Ally’s Generative AI Experiment Reduces Marketing Busywork

Ally’s-Generative-AI-Experiment-Reduces-Marketing-Busywork

A proprietary large language model is expected to save the digital bank’s marketers thousands of hours annually.

Ally is the latest brand to offer evidence that the hype around generative AI translates into concrete products impacting marketing functions. The company’s bets on the tech take the form of an LLM, a sophisticated chat interface in the vein of OpenAI’s ChatGPT that can toggle between sharing prompts to guide the creative process and answering user queries. 

Ally is focused on building the feature in-house by leveraging its data and cloud-computing infrastructure. This approach executives said will help scale the tool across the enterprise while better monitoring for risk. Investing in proprietary tech could be of greater importance to categories like banking and finance that deal in sensitive personal information consumers wouldn’t want to be scraped by a third-party vendor.  

For now, Ally.ai appears most useful in the early stages of marketing initiatives. In one example of Ally.ai in action, a transcript of a podcast featuring an Ally executive was input into the LLM to produce a short article that could be posted on the bank’s blog. The software was specifically asked to call out the most informative and entertaining bits of the discussion for consumers.
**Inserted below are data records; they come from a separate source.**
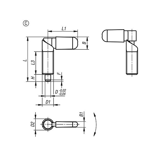 Rygle, forma C, z kapturkiem rygla, bez nakrętki - inch
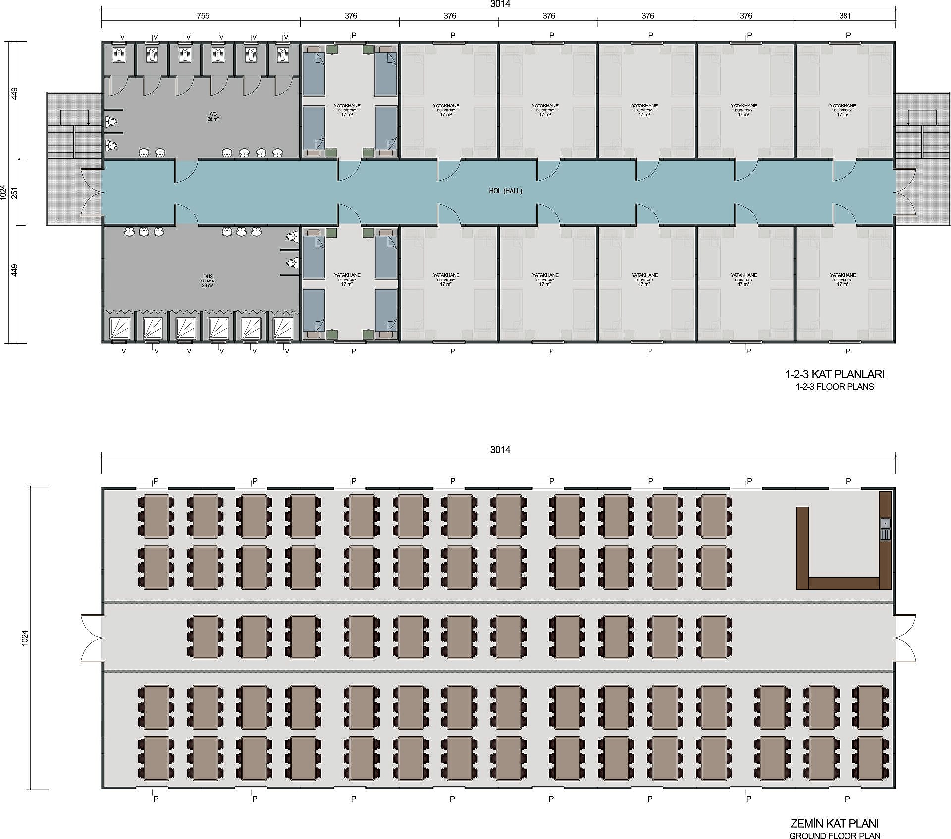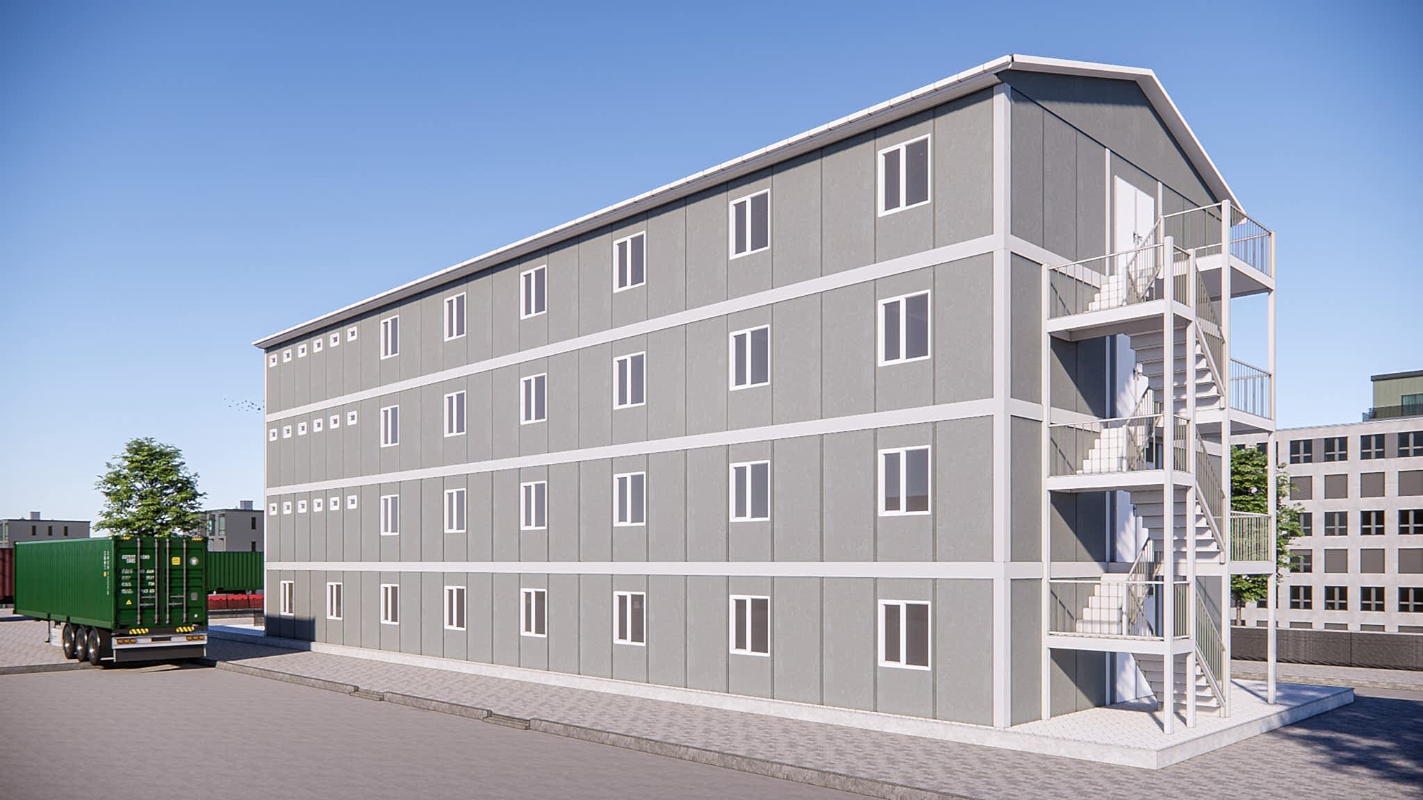 1234 m² dört katlı prefabrik yatakhane, en büyük konaklama ihtiyacına sahip projeler için geliştirilmiş dev bir barınma tesisidir. Dört katlı yapısı sayesinde yüzlerce personelin aynı anda konaklamasını sağlar. Uluslararası büyük projeler, maden sahaları, enerji projeleri ve askeri bölgeler için en yüksek kapasiteye sahip profesyonel çözümüdür.
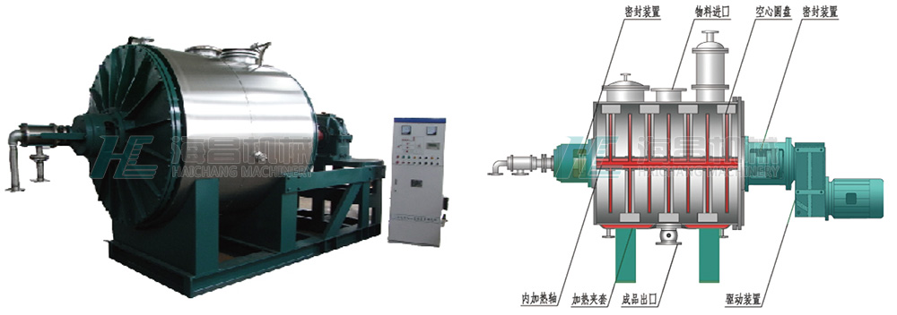 2、除簡體夾套加熱以外,圓盤(或螺帶)也對物料進行加熱,加熱面積是同樣容積的雙錐回轉(zhuǎn)真空干燥機及把式真空干燥機的3~5倍。
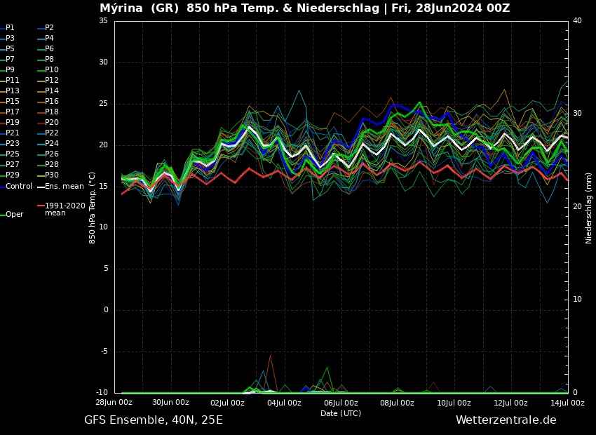 Παρακάτω διάγραμμα τάσης καιρού θερμοκρασίας και βροχοπτώσεων.Η θερμοκρασία είναι οι καμπύλες στην μέση του πίνακα που δείχνουν τα καιρικά σενάρια για την θερμοκρασία στα 850hpa (είναι στα 1500μ όπου μετράμε ως βάση την θερμοκρασία στην ατμόσφαιρα και απλά προσθέτουμε 12 βαθμούς). Η κόκκινη γραμμή δείχνει τον μέσο όρο θερμοκρασίας των 30 τελευταίων ετών.Στο κάτω μέρος στη βάση του πίνακα είναι οι βροχοπτώσεις και η άσπρη καμπύλη είναι ο μέσος όρος από 30 καιρικά σενάρια.
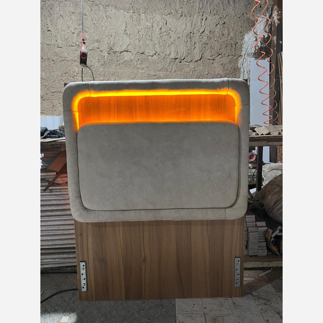 تخت خواب مدل الیزابت ،جنس ملامینه درجه یک سرتخت ترکیب چوب و پارچه ال ای دی خور در ابعاد 90×2 ارتفاع سرتخت 120 ارتفاع قید ها 30سانت
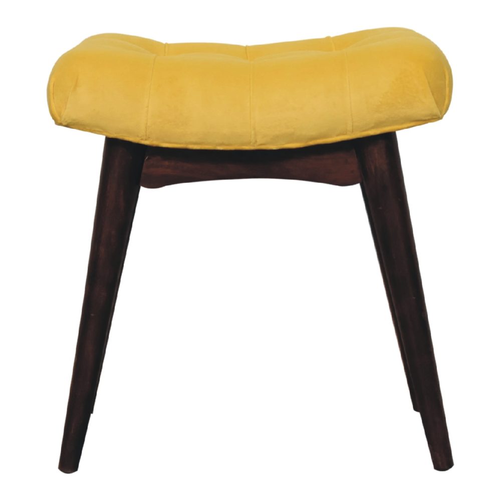 Wholesale Mini Mustard Cotton Velvet Curved Bench
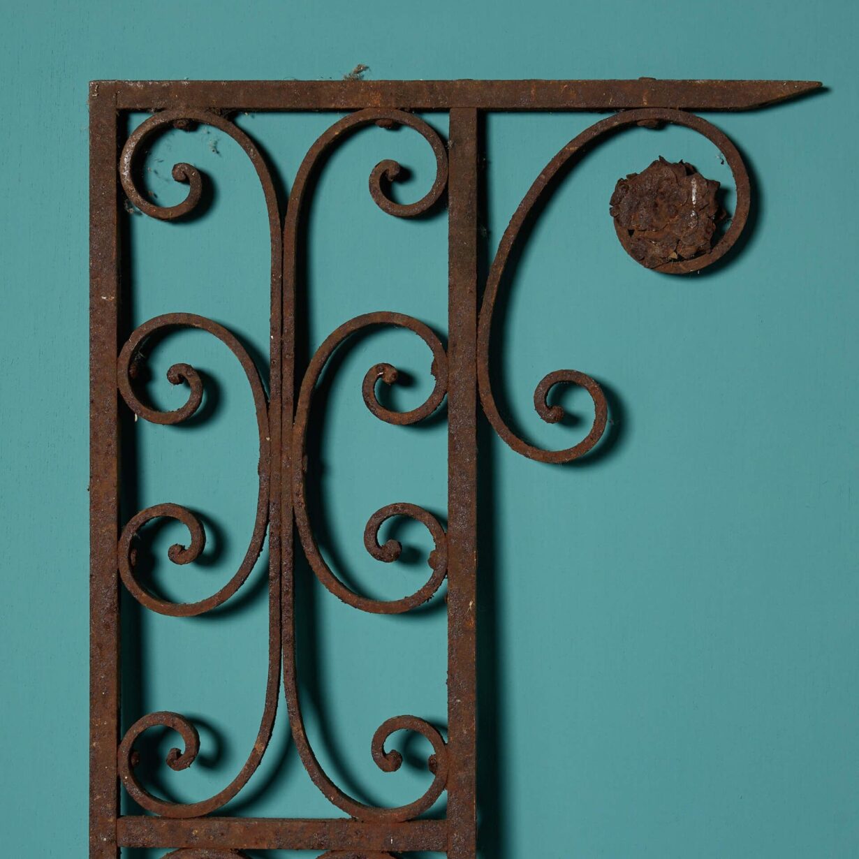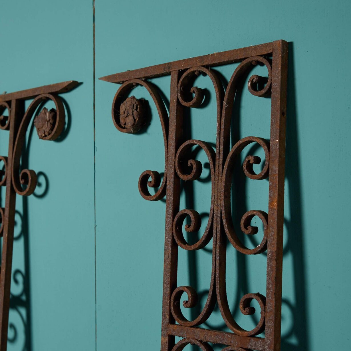 back to topA pair of antique wrought iron panels, previously forming the frame for a garden gate. Traditionally-made by a 19th century blacksmith, these reclaimed wrought iron panels could be used for a number of decorative purposes inside or out, or could be paired with an overthrow to make a gate frame.
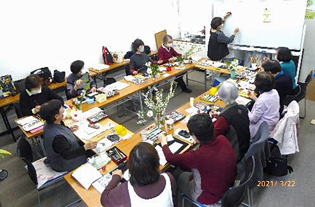 ほんわか穏やかな山本典子会員の指導で、墨や顔彩だけでなく、シグマペンやクレヨン、折り紙なども使って表現しています。
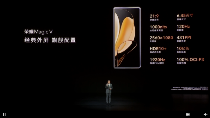 至于外屏方面,荣耀Magic V搭载了一块6.45英寸的OLED屏,比例为21.3:9,分辨率为2560 x 1080,像素密度达到了431ppi,屏占比高达90%,与常规手机类似,可以做到常规手机的显示、操作体验。

A first draft materialized in 15 minutes but required a careful edit and human review. Ally said the work overall took an hour when it would usually take four without help from AI. 

“We look at Ally.ai as an assistant that will be able to help our teammates with faster and smarter project delivery, which leads to a better experience for our customers,” said Andrea Brimmer, Ally’s marketing chief, in a statement. “In several different instances, our content writers could use thoughtfully crafted prompts to either start the creative process or help extend content distribution to new channels. Anytime we can reduce the time to publish while also letting our creatives do what they do best, that means a lot in our fast-moving, competitive environment.”

Other use cases called out by Ally include generating first drafts of ad copy, video scripts, and social posts, improving search engine optimization, quality control and data analysis. The company said that it is currently evaluating potential applications of the solution in over 100 different areas, though acknowledged that not all of them may pan out. Ally.ai was previously piloted by Ally’s customer service department, helping summarise calls and ease workflows.

The bank views the LLM as a way to familiarise its marketers in a tech field that will likely be of growing importance in 2024. Ally has hosted half-day AI Days sessions to let employees explore the technology and share their findings. 

Eighty-seven percent of marketing and communications professionals are dipping their toes into the AI space, according to a recent benchmark survey from The Conference Board, summarising content and aiding with creative ideation some of the most popular applications.